***** Provided data

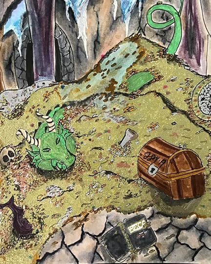 When I started thinking about the “Treasure” prompt, a million things came into my mind. Pirates, mermaids underwater with their dinglehoppers, but the one that stuck with me most was the notion of a dragon sleeping in the treasure it’d hoarded over the years. That was what I finally settled on when I sat down to begin the long process of working on this piece throughout the day.
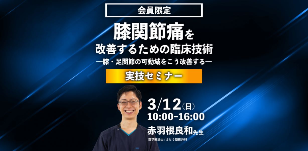 【赤羽根良和先生】膝関節痛を改善するための臨床技術 ―膝・足関節の可動域をこう改善する―(会員限定実技セミナー)
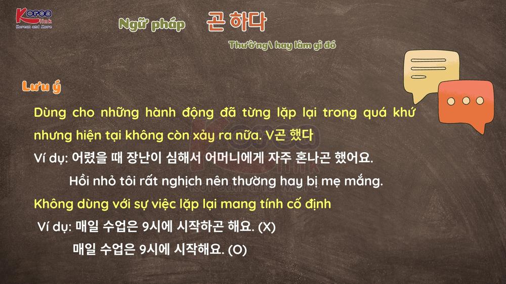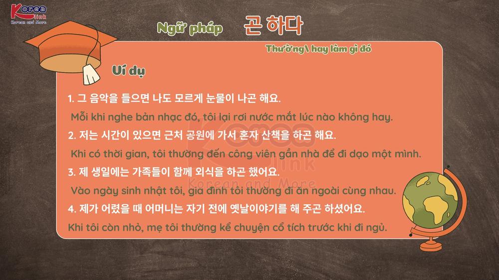 Trong tiếng Hàn, khi muốn nhắc lại những thói quen hoặc hành động đã từng diễn ra lặp đi lặp lại trong quá khứ, người bản xứ thường sử dụng 곤 하다. Ngữ pháp này giúp người học tái hiện trải nghiệm một cách tự nhiên, mềm mại, làm cho câu văn mang sắc thái hồi tưởng và gần gũi, rất thường gặp trong giao tiếp đời sống, bài viết kể chuyện cũng như các kỳ thi TOPIK, EPS-TOPIK.
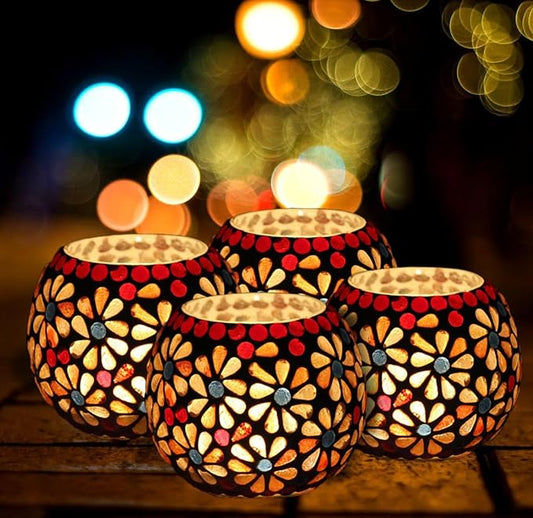 パープルツリー ガラスモザイク ティーライトキャンドルホルダー | 4個セット
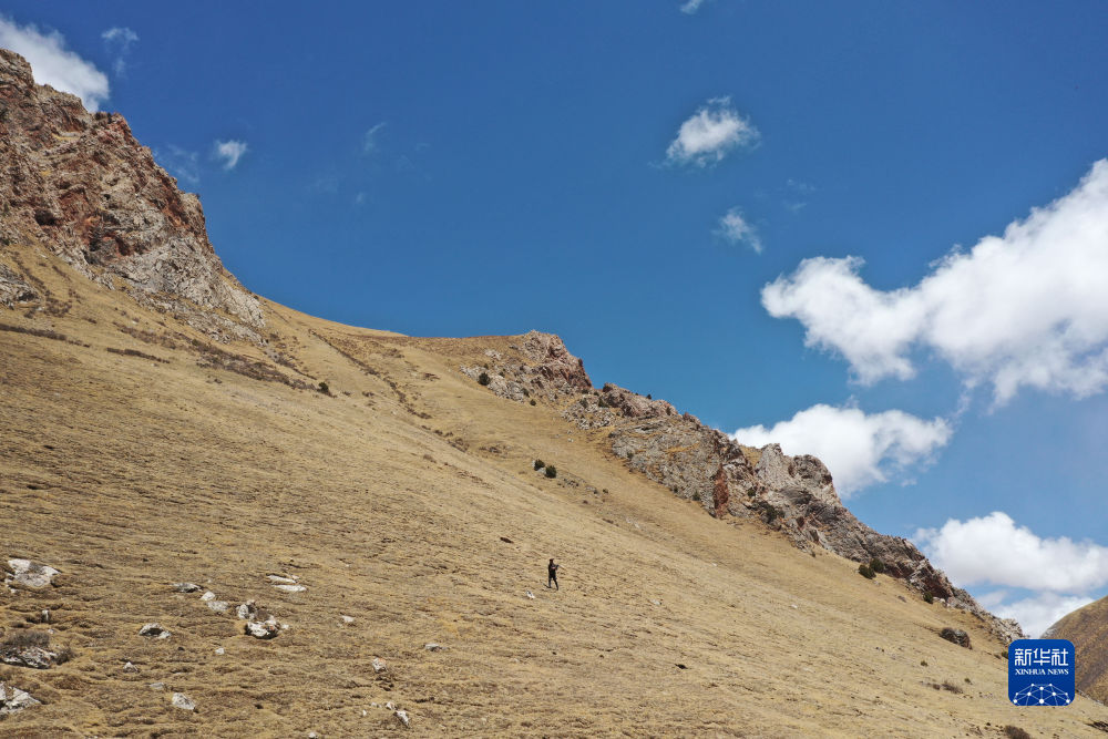4月22日,生態管護員達傑在巡山(無人機照片)。新華社記者 韓方方 攝
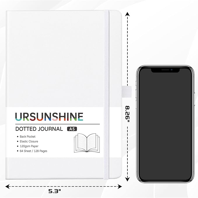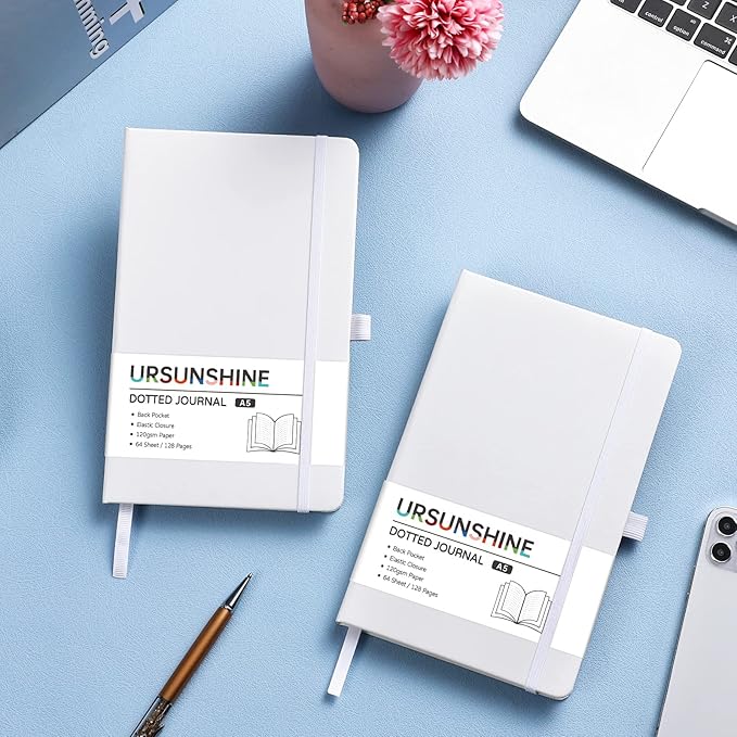 - PREMIUM THICK PAPER - 120 gsm dotted paper, our notebook journal is made of high quality acid free paper to help prevent from damages of light and airs to keep notes on the pages clearly. There are 128 pages/64 sheets in this ruled journal, which provide you with plenty space for planning or scheduling.
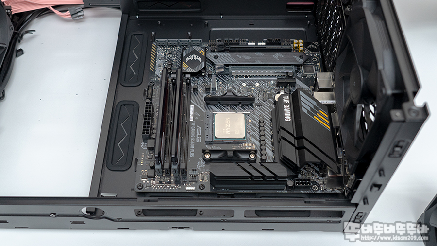 특히 280mm 수냉 쿨러를 상단에 장착 시 ASUS TUF B550M-Plus 메인보드 전원부 방열판 간섭이 있어 라디에이터를 뒤쪽으로 바짝 붙이는 게 불가능했는데 280mm 수냉 쿨러를 상단에 사용 시 메인보드 방열판 간섭여부도 확인이 필요해 보이며 간섭이 있다면 상단이 아닌 샤시 전면 부착하는 것이 효율적일 수 있으니 참고하시기 바랍니다.
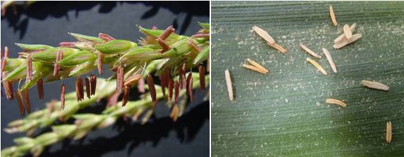 當花粉粒成熟后,花藥逐漸脫水,在每天的響午,隨著溫度的升高和陽光照射,花藥開始大量開裂,花粉散出。花粉粒從散出到失活只有短暫的幾分鐘時間,一個雄穗能持續散粉 5 天,大田從最早開始散粉到完全結束持續兩周。

**********

** What is being asked **
Images are not wanted in the copy. Please print the material above exactly.

** Answer box **
 When I started thinking about the “Treasure” prompt, a million things came into my mind. Pirates, mermaids underwater with their dinglehoppers, but the one that stuck with me most was the notion of a dragon sleeping in the treasure it’d hoarded over the years. That was what I finally settled on when I sat down to begin the long process of working on this piece throughout the day.
 【赤羽根良和先生】膝関節痛を改善するための臨床技術 ―膝・足関節の可動域をこう改善する―(会員限定実技セミナー)
 Trong tiếng Hàn, khi muốn nhắc lại những thói quen hoặc hành động đã từng diễn ra lặp đi lặp lại trong quá khứ, người bản xứ thường sử dụng 곤 하다. Ngữ pháp này giúp người học tái hiện trải nghiệm một cách tự nhiên, mềm mại, làm cho câu văn mang sắc thái hồi tưởng và gần gũi, rất thường gặp trong giao tiếp đời sống, bài viết kể chuyện cũng như các kỳ thi TOPIK, EPS-TOPIK.
 パープルツリー ガラスモザイク ティーライトキャンドルホルダー | 4個セット
4月22日,生態管護員達傑在巡山(無人機照片)。新華社記者 韓方方 攝
 - PREMIUM THICK PAPER - 120 gsm dotted paper, our notebook journal is made of high quality acid free paper to help prevent from damages of light and airs to keep notes on the pages clearly. There are 128 pages/64 sheets in this ruled journal, which provide you with plenty space for planning or scheduling.
 특히 280mm 수냉 쿨러를 상단에 장착 시 ASUS TUF B550M-Plus 메인보드 전원부 방열판 간섭이 있어 라디에이터를 뒤쪽으로 바짝 붙이는 게 불가능했는데 280mm 수냉 쿨러를 상단에 사용 시 메인보드 방열판 간섭여부도 확인이 필요해 보이며 간섭이 있다면 상단이 아닌 샤시 전면 부착하는 것이 효율적일 수 있으니 참고하시기 바랍니다.
 當花粉粒成熟后,花藥逐漸脫水,在每天的響午,隨著溫度的升高和陽光照射,花藥開始大量開裂,花粉散出。花粉粒從散出到失活只有短暫的幾分鐘時間,一個雄穗能持續散粉 5 天,大田從最早開始散粉到完全結束持續兩周。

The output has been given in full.